======== Provided entries

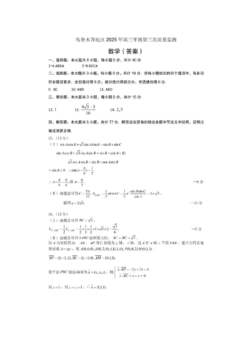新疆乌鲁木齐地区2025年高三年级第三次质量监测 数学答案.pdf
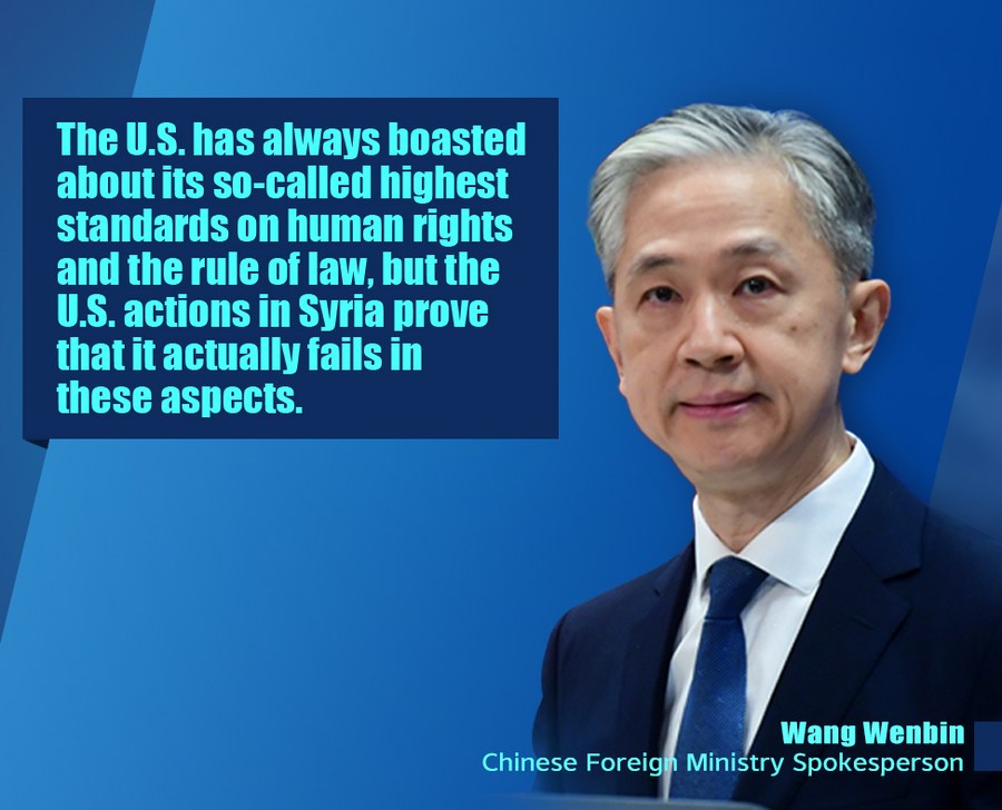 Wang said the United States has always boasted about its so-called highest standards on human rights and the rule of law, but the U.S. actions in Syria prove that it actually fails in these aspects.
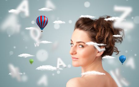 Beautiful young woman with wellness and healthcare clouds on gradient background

================
======== Provided entries

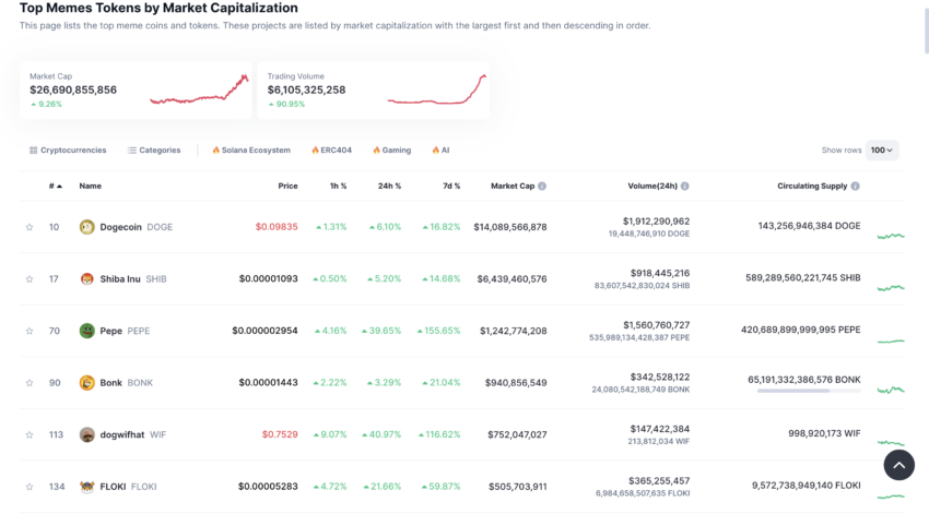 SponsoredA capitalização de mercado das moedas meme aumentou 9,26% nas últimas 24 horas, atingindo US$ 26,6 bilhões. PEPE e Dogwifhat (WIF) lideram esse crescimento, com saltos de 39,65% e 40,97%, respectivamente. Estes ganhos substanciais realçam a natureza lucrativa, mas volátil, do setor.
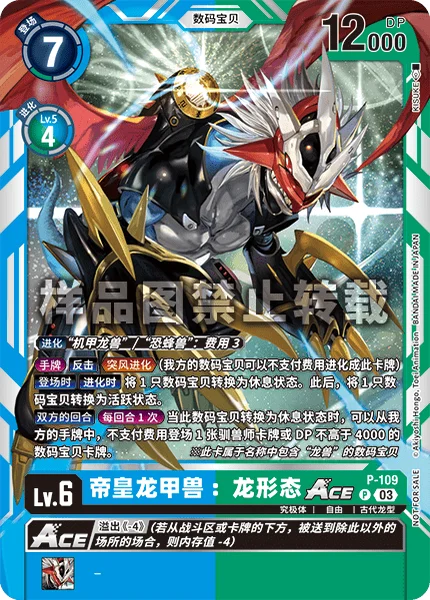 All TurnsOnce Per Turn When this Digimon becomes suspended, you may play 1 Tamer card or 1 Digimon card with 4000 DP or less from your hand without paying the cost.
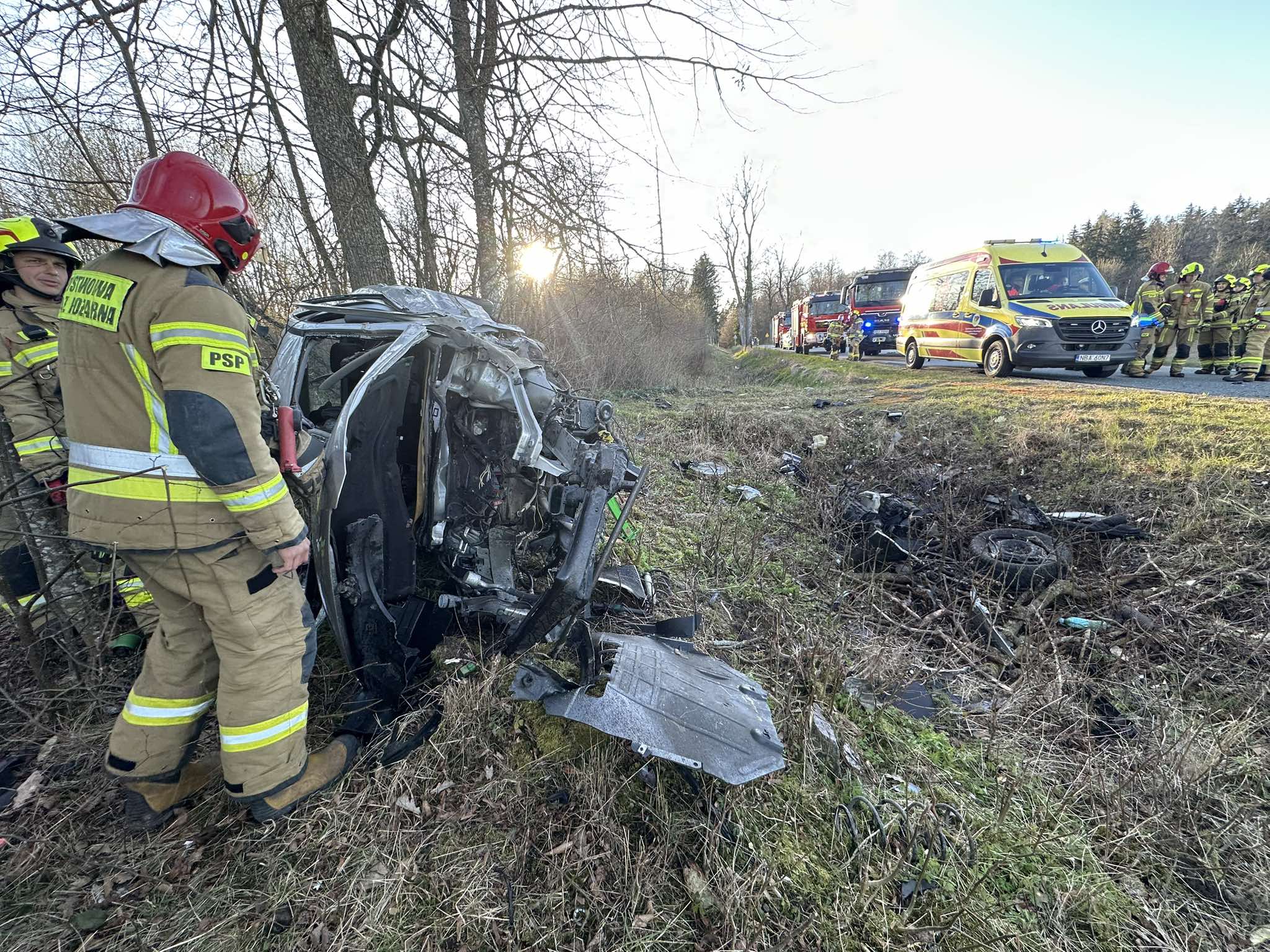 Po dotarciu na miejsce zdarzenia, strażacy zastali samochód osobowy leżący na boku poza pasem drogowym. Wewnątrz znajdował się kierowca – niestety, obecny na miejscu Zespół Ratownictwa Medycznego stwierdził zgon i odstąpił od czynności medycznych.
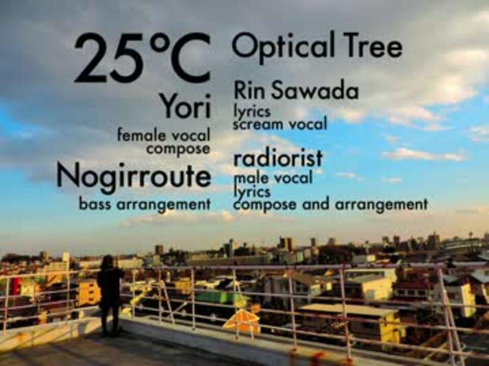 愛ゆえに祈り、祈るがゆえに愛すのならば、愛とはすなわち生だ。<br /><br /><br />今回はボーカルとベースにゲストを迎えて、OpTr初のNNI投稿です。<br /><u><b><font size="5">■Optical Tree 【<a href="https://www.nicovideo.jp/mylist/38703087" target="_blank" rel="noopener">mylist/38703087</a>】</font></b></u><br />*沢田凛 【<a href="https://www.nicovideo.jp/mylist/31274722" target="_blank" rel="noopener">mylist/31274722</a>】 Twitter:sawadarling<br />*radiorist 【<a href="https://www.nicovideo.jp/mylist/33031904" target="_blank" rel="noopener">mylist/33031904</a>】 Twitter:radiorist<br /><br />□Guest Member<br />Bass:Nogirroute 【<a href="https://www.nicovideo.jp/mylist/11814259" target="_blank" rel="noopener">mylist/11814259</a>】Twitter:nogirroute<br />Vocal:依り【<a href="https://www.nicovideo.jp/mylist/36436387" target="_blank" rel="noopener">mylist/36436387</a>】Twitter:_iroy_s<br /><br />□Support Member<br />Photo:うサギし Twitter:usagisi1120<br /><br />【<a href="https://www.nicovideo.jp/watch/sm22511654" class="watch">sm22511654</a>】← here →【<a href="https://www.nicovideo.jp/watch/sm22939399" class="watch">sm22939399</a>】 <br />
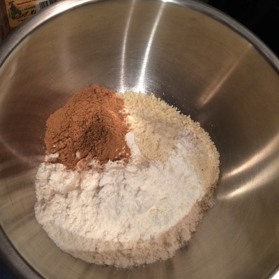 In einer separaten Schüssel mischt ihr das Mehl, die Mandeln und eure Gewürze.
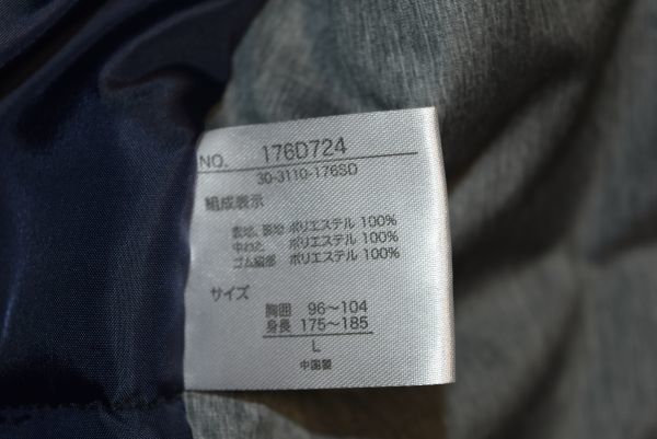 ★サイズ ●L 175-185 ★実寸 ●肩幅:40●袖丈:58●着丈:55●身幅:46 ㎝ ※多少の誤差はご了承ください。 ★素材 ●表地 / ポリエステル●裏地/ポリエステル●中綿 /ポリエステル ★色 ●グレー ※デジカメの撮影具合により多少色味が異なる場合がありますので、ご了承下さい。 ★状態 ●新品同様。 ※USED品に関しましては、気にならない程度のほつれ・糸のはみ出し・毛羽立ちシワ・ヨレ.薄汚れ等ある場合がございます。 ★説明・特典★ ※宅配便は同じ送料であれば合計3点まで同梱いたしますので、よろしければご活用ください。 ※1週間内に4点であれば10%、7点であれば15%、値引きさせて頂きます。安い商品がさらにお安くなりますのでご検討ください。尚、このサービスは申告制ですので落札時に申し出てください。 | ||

================

**What is expected**
Look above for the line with "SponsoredA capitalização de" and the line with "Po dotarciu na". Output those two and everything between them exactly, pictures excluded.

**Response**
 SponsoredA capitalização de mercado das moedas meme aumentou 9,26% nas últimas 24 horas, atingindo US$ 26,6 bilhões. PEPE e Dogwifhat (WIF) lideram esse crescimento, com saltos de 39,65% e 40,97%, respectivamente. Estes ganhos substanciais realçam a natureza lucrativa, mas volátil, do setor.
 All TurnsOnce Per Turn When this Digimon becomes suspended, you may play 1 Tamer card or 1 Digimon card with 4000 DP or less from your hand without paying the cost.
 Po dotarciu na miejsce zdarzenia, strażacy zastali samochód osobowy leżący na boku poza pasem drogowym. Wewnątrz znajdował się kierowca – niestety, obecny na miejscu Zespół Ratownictwa Medycznego stwierdził zgon i odstąpił od czynności medycznych.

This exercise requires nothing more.